Basic and diluted earnings per share calculation            
Numerator:            
Net profit attribute to Youlife Group Inc.   992    37,716    5,265 
Denominator:               
Basic Weighted average number of shares outstanding1   45,292,909    45,292,909    45,292,909 
Basic net earnings per share   0.02    0.83    0.12 
Diluted Weighted average number of shares outstanding1   70,000,000    70,000,000    70,000,000 
Diluted net earnings per share   0.01    0.54    0.08 

 

1Shares outstanding for all periods reflect the adjustment for Recapitalization.

 

F-20

 

 

11. SUBSEQUENT EVENTS

 

On July 9, 2025, the Company consummated the previously announced business combination with Distoken.

 

On July 10, 2025, the ADSs of the Company commenced trading on Nasdaq under the symbol “YOUL.” The Warrants of the Company are quoted on OTC market.

 

On August 20, 2025, the Group has entered into a non-binding term sheets with the controlling shareholders of four companies to acquire 100% equity interests. The four target companies bring complementary expertise and regional influence across internet recruitment services, software and AI developments, human resource services, and vocational training.

 

On August 29, 2025, the Group has entered into a joint venture agreement with Beijing Galbot Co., Ltd. (“Galbot”), a pioneer in embodied intelligent robotics. Under the agreement, the Group will contribute capital and hold a 51% equity stake in the newly established entity, Beijing Youlife Galaxy Technology Co., Ltd.. The joint venture will combine the Group’s expansive vocational education network with Galbot’s cutting-edge technology to establish a new model for intelligent, immersive, and globally connected vocational training in China.

 

12. COMMITMENT AND CONTINGENCIES

 

Contingencies

 

From time to time, we may become involved in claims, investigations and proceedings in the ordinary course of business.

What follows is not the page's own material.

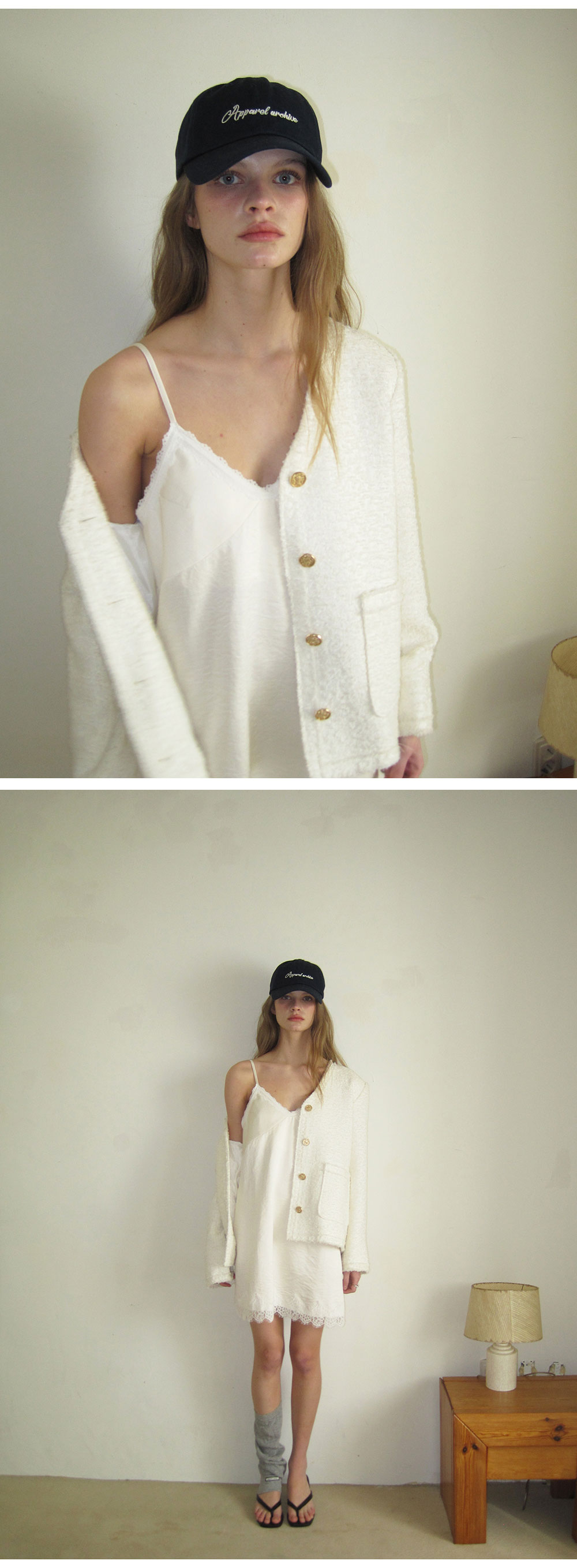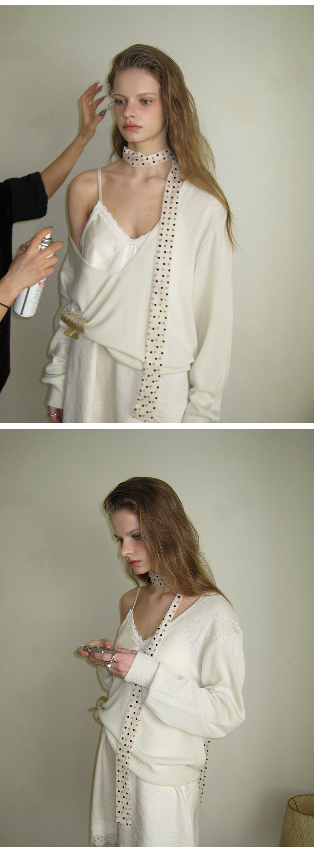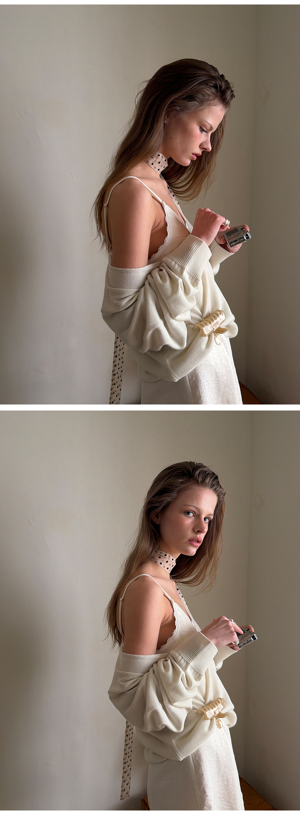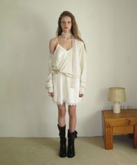 - 부드러운 크림 컬러와 은은한 광택이 감도는 새틴 패브릭으로 부드럽게 흐르는 실루엣

As of the date that the consolidated financial statements are issued, the Group reviews its regulatory inquiries and other legal proceedings on an ongoing basis, evaluates whether potential regulatory fines or losses from proceedings are probable and make estimates of the loss if probable. As of June 30, 2025, the Group believes that none of these matters, individually or in combination had a material effect on its business, assets or operations and there was no accrual for such matters.